We wonder about a lot of things–we can’t sleep for the constant questions. Is it okay for me to do X fun thing? Do my words or actions detract from or harm others? Who am I to think my needs are so important? These are important questions. So…

All any soul-nurturing stuff, which, our culture tells us, is selfish frivolity, may demand some soul-searching. And sometimes our discoveries aren’t pretty. For example, when our interests collide with someone else’s.

One such conflict of interest is when we give priority to doing things for other people and don’t make any time for ourselves. I don’t know if you have noticed this, but I find that all I have to do is plan something for myself (or even have a deadline), and the phone starts ringing, or someone needs help.

Women tend to be socialized to help everyone else first.

But you know what they say on every airplane? Please secure your own oxygen mask before helping others. It’s great that we care about our friends and family, and it can be hard to carve out a little space for ourselves without feeling guilty. But the fact is, everyone else gets better service when our own creativity is fed and cared for.

Another conflict is when a loved one has issues with our dance interests. Some of us step back at that point, often for very good reasons. Some of us go forward, for equally good reasons. For myself, I went forward. Those issues were the last straw in a difficult relationship, and I had already compromised myself nearly out of existence.
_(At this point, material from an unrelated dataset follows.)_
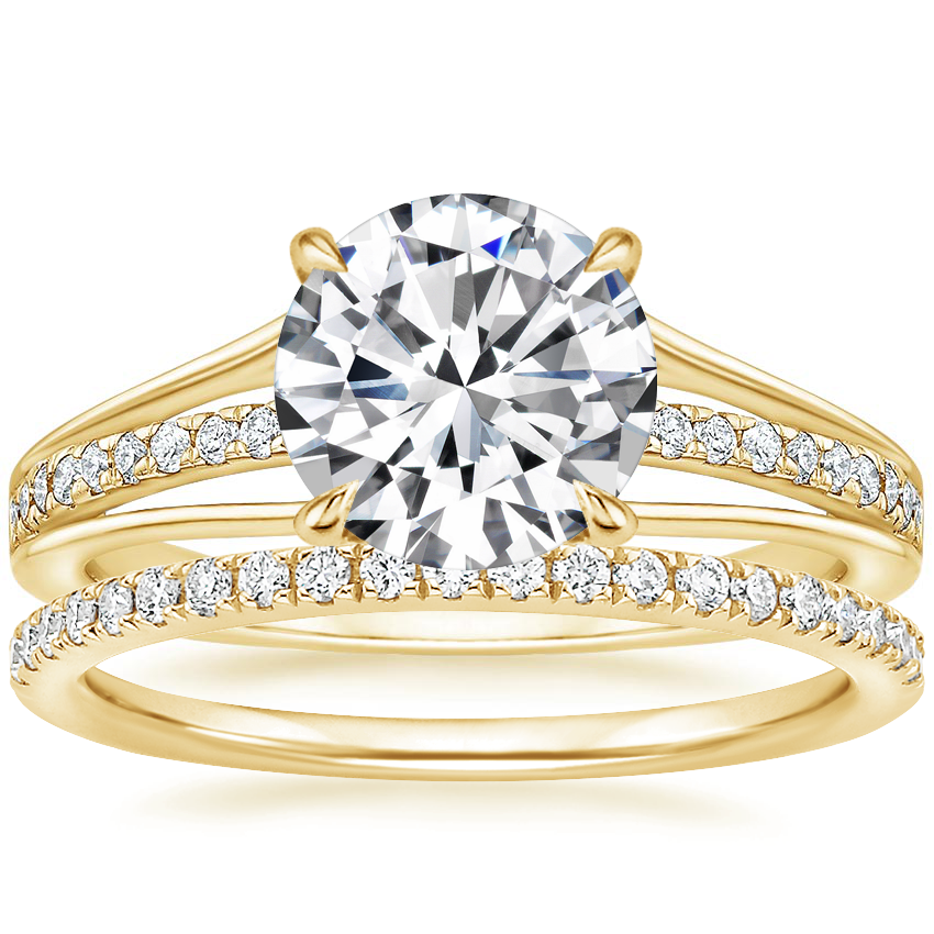 18K Yellow Gold Tressa Split Shank Diamond Ring with Ballad Diamond Ring (1/6 ct. tw.)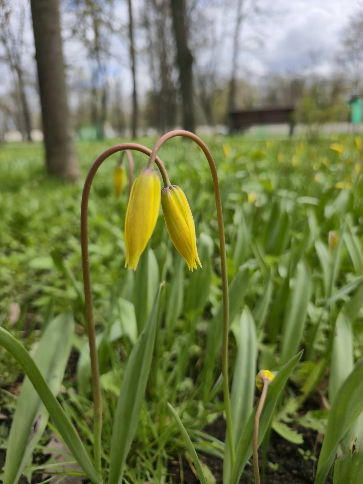 В Молодежном парке Харькова расцвели тюльпаны дубравные – редкие весенние цветы, занесенные в Красную книгу Украины.

Another friend stepped back. She found other creative outlets that worked for her. Both of these responses were valid, and both took courage.

And sometimes the conflict of interests is with ourselves. Our own doubts and fears can keep us from nurturing ourselves and our creative side. We wonder so hard if we are doing the right thing that we can talk ourselves out of the self-care that dance gives us. We put so much pressure on ourselves. Who are we to dance? We’re not very good. We’re not even “doing anything” with our dance. Well, so what?

Just dancing for fun is plenty. Fun is important! Feeling good is important to our physical and emotional well-being. If we don’t fill our own well, no one else is going to come along and do it for us, nice as that would be.

It’s on us to gather our own nectar.

Yes, sometimes it’s very, very hard to give ourselves that love and care, to give ourselves time to rest, to enjoy things, to dance, whatever it is we need to thrive. Nature abhors a vacuum, they say, and our time tends to fill up fast.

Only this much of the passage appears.